Landrieu obtained federal funds for the revitalization of New Orleans' poor neighborhoods, and he promoted the involvement of minority-owned businesses in the city's economic life. Like his predecessor, Landrieu presided over continued suburban-style growth in the Algiers and New Orleans East districts, with Algiers essentially built-out, having exited its greenfield development stage, by the end of his administration.

He advocated for the creation of the Downtown Development District to revitalize the New Orleans CBD, and worked to promote the city's tourism industry. His tourism-related projects included the Moon Walk, a riverfront promenade facing the French Quarter, the $163 million Louisiana Superdome, and renovations of the French Market and Jackson Square.
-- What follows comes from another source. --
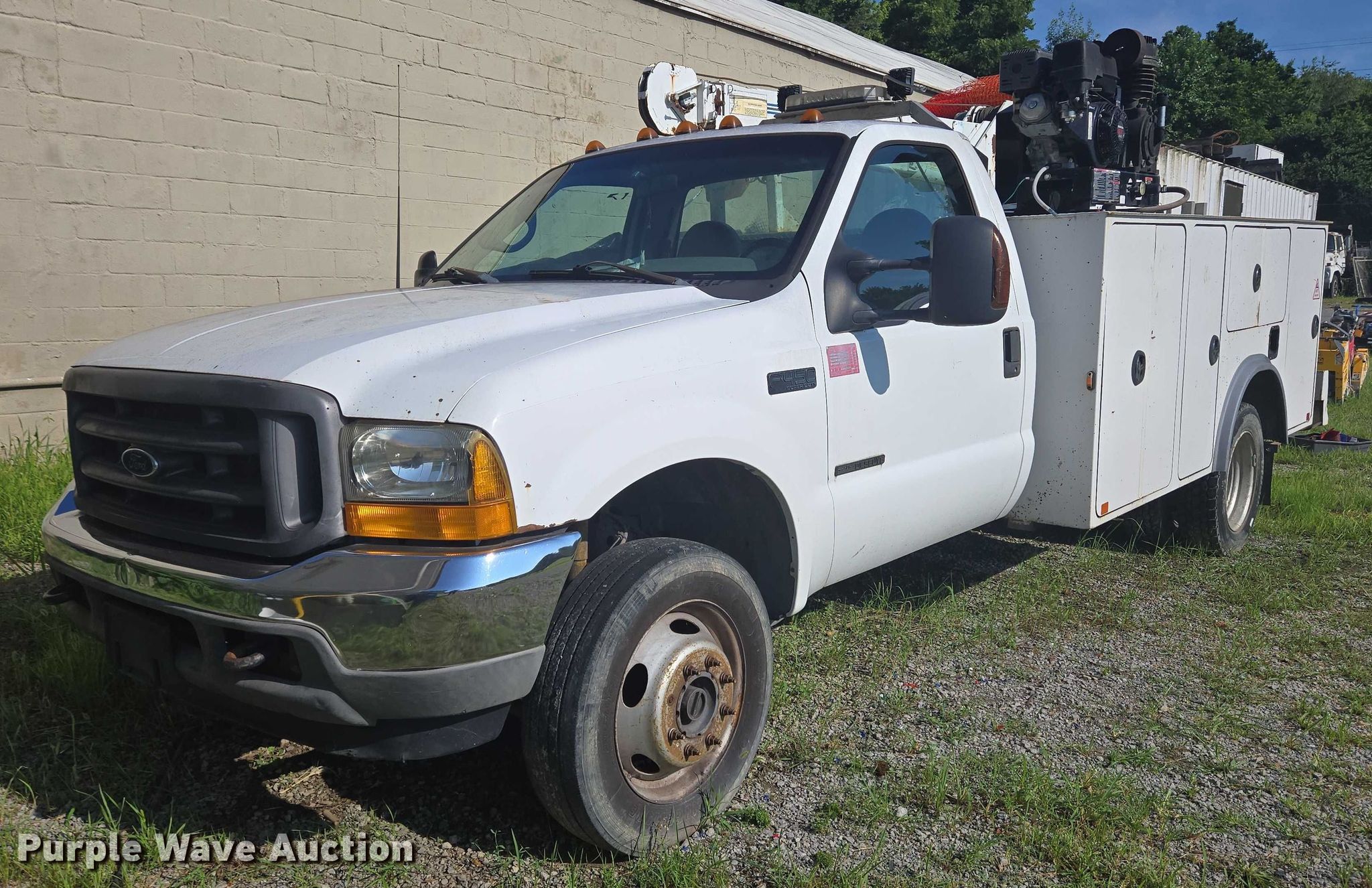 Purple Wave is selling a used Service Truck in Kentucky. This item is a 2001 Ford F450 Super Duty utility / service truck with the following: Miles: 317,354 on odometer, VIN: 1FDXF47F11EB47104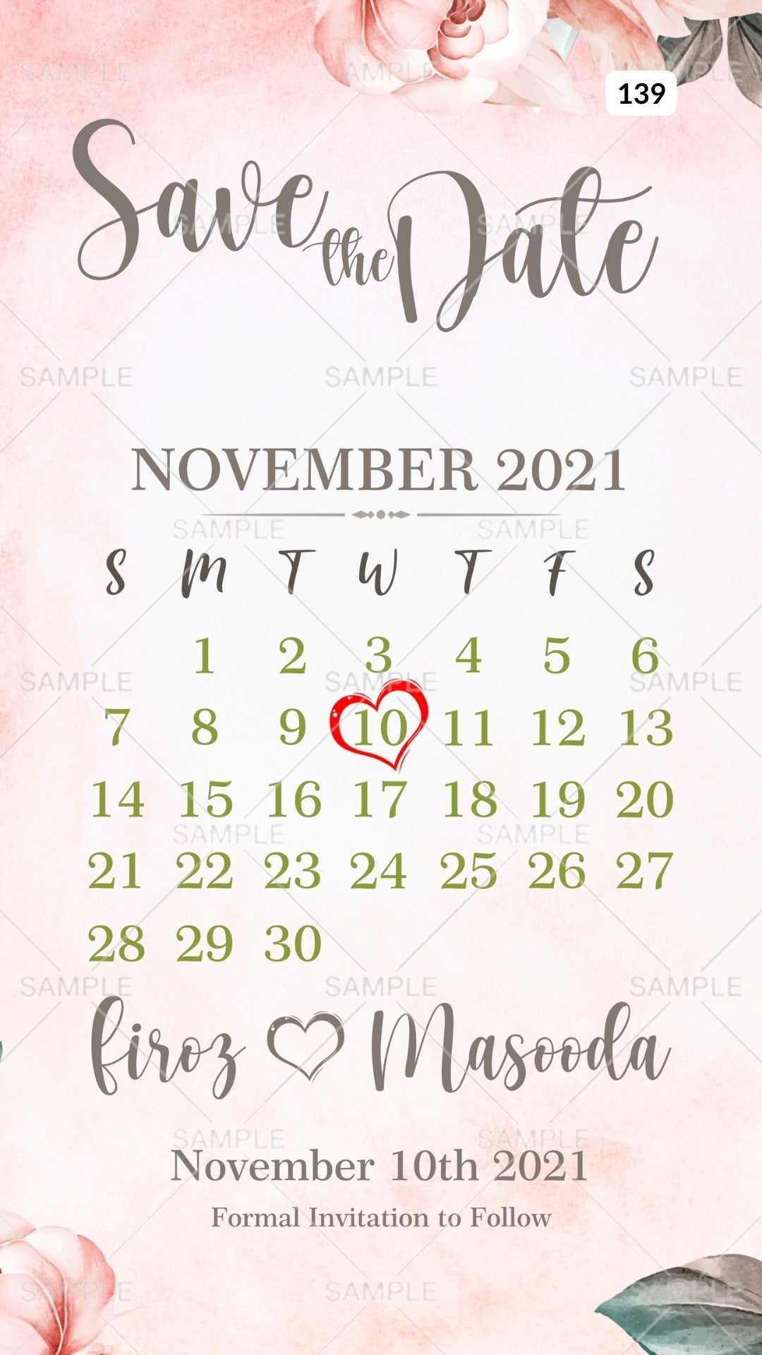 The floral Theme of the Save the Date digital invitation Canva Editable in the pink background color. This e-invite editable template is available in the English language. Save the Date wedding cards include elements such as flowers, calendar, and leaves. This card design can be customized online for free in Canva, and you can edit the couple's name, date and venue. You can also share your card easily via WhatsApp or email.

By the midpoint of Schiro's mayoral administration, an accelerating number of building demolitions were approved and other projects were also being contemplated, such as the elevated Claiborne Expressway and Riverfront Expressway segments of I-10. Landrieu authorized the 1972 New Orleans Housing and Neighborhood Preservation Study. Most of that study's recommendations were enacted by Landrieu, including the 1976 establishment of the Historic District Landmarks Commission ("HDLC"), which extended design review and demolition controls for the first time to parts of New Orleans outside the French Quarter.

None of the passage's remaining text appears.